Depot Spark Connector
The Depot Spark Connector enables read-only access to Depot-controlled tables and views from Spark, whether the data are in a Snowflake or a Postgres location under Depot.
Operation
- Add a dependency on the Depot Spark Connector to your project
- FIXME: maven coordinates DPT-2940
- Ensure your job definition (Spark Submit) provides the following dependencies in the
--jarsargument:- postgresql.jar (FIXME: version)
- snowflake-jdbc.jar (FIXME: version)
- spark-snowflake_2.12.jar (FIXME: version)
- Ensure your CDK deployment code delivers the following information to EMR job (submit):
- AWS partition, account, region
- Depot environment ID
- Dataset id or alias
- Schema name
- optional: Executor ID to use (on Snowflake) for cost tag allocation
The Depot Spark Connector reacts to the depot format, which takes a url and depot.schema mandatory options:
val spark = SparkSession.builder
.appName("Depot from Spark")
.getOrCreate()
val items = spark.read
.format("depot")
.option("url", "depot:aws:<accountId>:eu-west-1:<depotEnvironmentId>:<datasetIdOrAlias>")

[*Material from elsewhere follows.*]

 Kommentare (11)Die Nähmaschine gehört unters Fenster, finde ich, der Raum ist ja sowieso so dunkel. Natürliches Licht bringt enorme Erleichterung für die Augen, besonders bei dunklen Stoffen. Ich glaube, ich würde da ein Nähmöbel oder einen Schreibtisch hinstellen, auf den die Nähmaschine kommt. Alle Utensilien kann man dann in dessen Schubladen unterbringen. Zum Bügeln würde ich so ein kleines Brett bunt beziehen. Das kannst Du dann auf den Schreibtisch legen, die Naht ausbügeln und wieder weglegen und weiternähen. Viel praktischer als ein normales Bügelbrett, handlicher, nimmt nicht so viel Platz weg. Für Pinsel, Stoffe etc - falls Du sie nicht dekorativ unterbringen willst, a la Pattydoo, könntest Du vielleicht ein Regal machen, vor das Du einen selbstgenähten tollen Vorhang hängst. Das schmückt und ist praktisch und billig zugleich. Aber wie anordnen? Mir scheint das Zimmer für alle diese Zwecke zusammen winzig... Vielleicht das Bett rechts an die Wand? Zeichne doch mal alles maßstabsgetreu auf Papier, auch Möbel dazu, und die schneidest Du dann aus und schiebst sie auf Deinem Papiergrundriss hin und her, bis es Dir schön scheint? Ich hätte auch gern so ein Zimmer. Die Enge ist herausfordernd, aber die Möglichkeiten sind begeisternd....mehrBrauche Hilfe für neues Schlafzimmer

.option("depot.schema", "DogSource")
.load()
.filter(col("testId").startsWith("AUR2SFK-"))
items.show()
The items DataFrame is now a Spark DataFrame that can be used in Spark SQL or further processing. The Depot Spark Connector
resolves whether the dataset is in Snowflake or Postgres and uses the appropriate JDBC driver to connect to the data.
The column names are converted back from the database convention into the naming convention used in the original Depot schema.

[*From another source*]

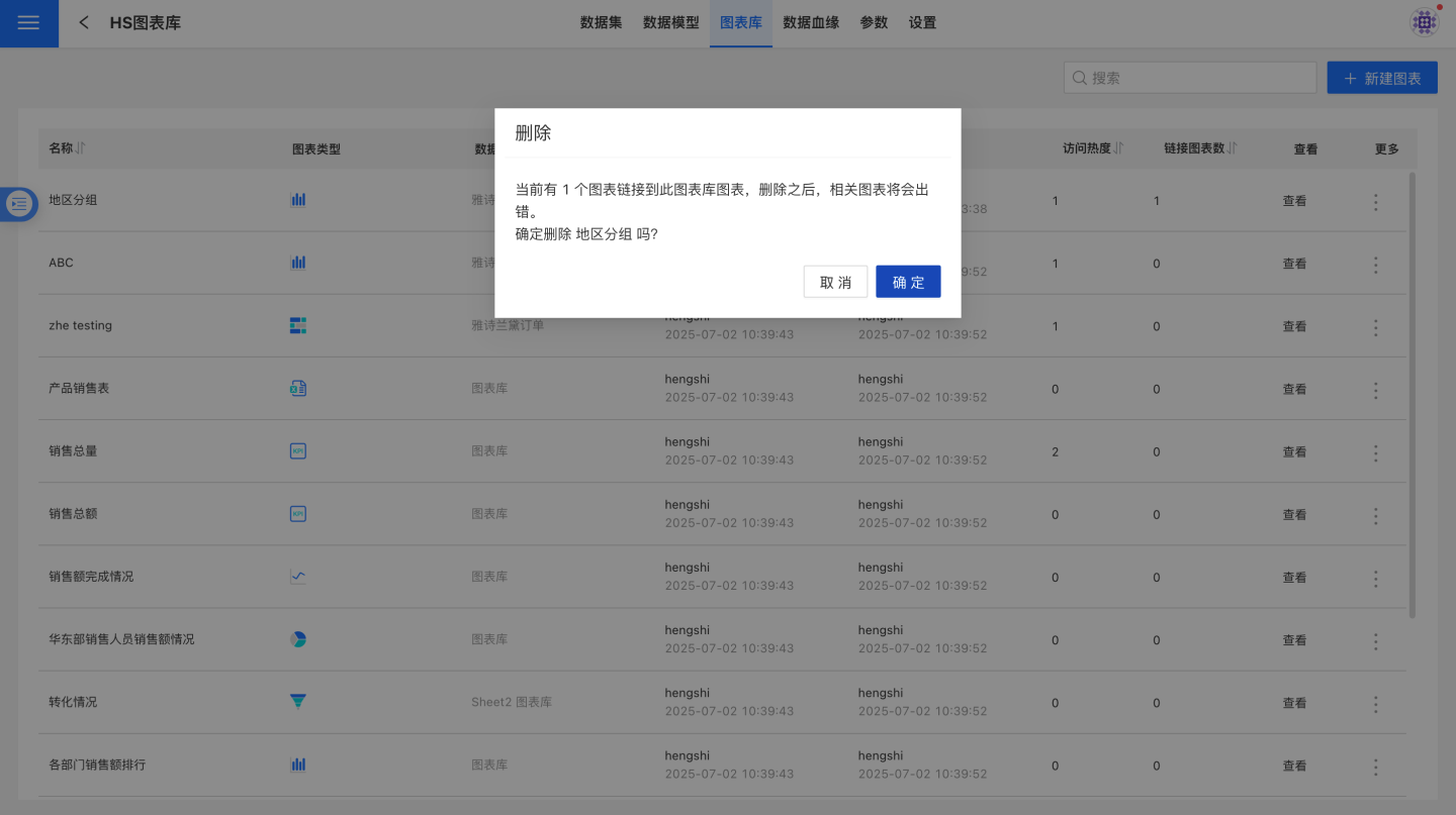 点击图表库三点菜单中的删除按钮,弹出确认窗口,点击确认后删除图表。

Expansion of ref types and of transients is not supported. You should join the data in Spark to reconstruct your data graphs as appropriate.
Postgres notes
On Postgres, the Depot Spark Connector uses the JDBC driver to connect to the database. The Connector interrogates the Depot database to retrieve the RDS instance, and uses it to locate the proper endpoint.

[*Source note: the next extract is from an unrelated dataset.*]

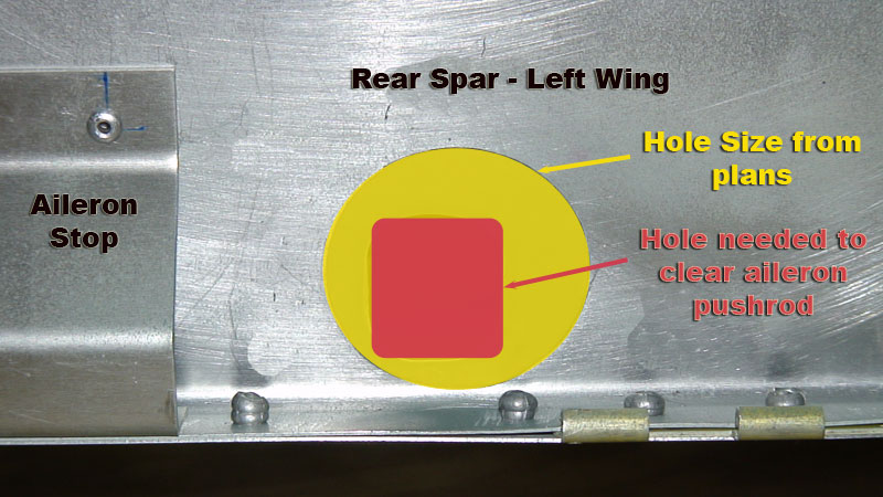 I believe that the hole as specified in the plans is larger than it need be. I would suggest going a smaller and then clecoing the aileron in place and connecting it to the bellcrank with the pushrod. Run the aileron to it's limits and you will see exactly what you need. You can always make it a little larger once you've seen the fit.

If the endpoint (which is normally within Depot's VPC) is not reachable, the connector will also provision a SSM tunnel via the Aurora Shared Bastion in order to reach the database.
It is possible to select a different read replica (from Aurora Postgres) by setting the replica=some-tag=some-value parameter
to the url:
depot:aws:123456789012:region:env:dataset?replica=some-tag=some-value
In which case, the Connector will locate the Aurora replica that has that tag and use that instead of the master instance within the cluster. This may be useful to separate the traffic caused by the Spark job away from the main database, if some latency is acceptable.
The SSM tunneling is considered a convenience but is likely not fast enough for large-scale data processing. It is highly recommended to set up proper connectivity between the VPC where the Spark job runs and the VPC where Depot runs.
Snowflake notes
FIXME: executorId
Notes
- Writing from Spark is not supported. To return data back into depot, write into Parquet or JSONL files (if Parquet are not available in your target location) and use a standard transaction to merge the results back in.
We are considering better options in the future, but we prioritise data integrity.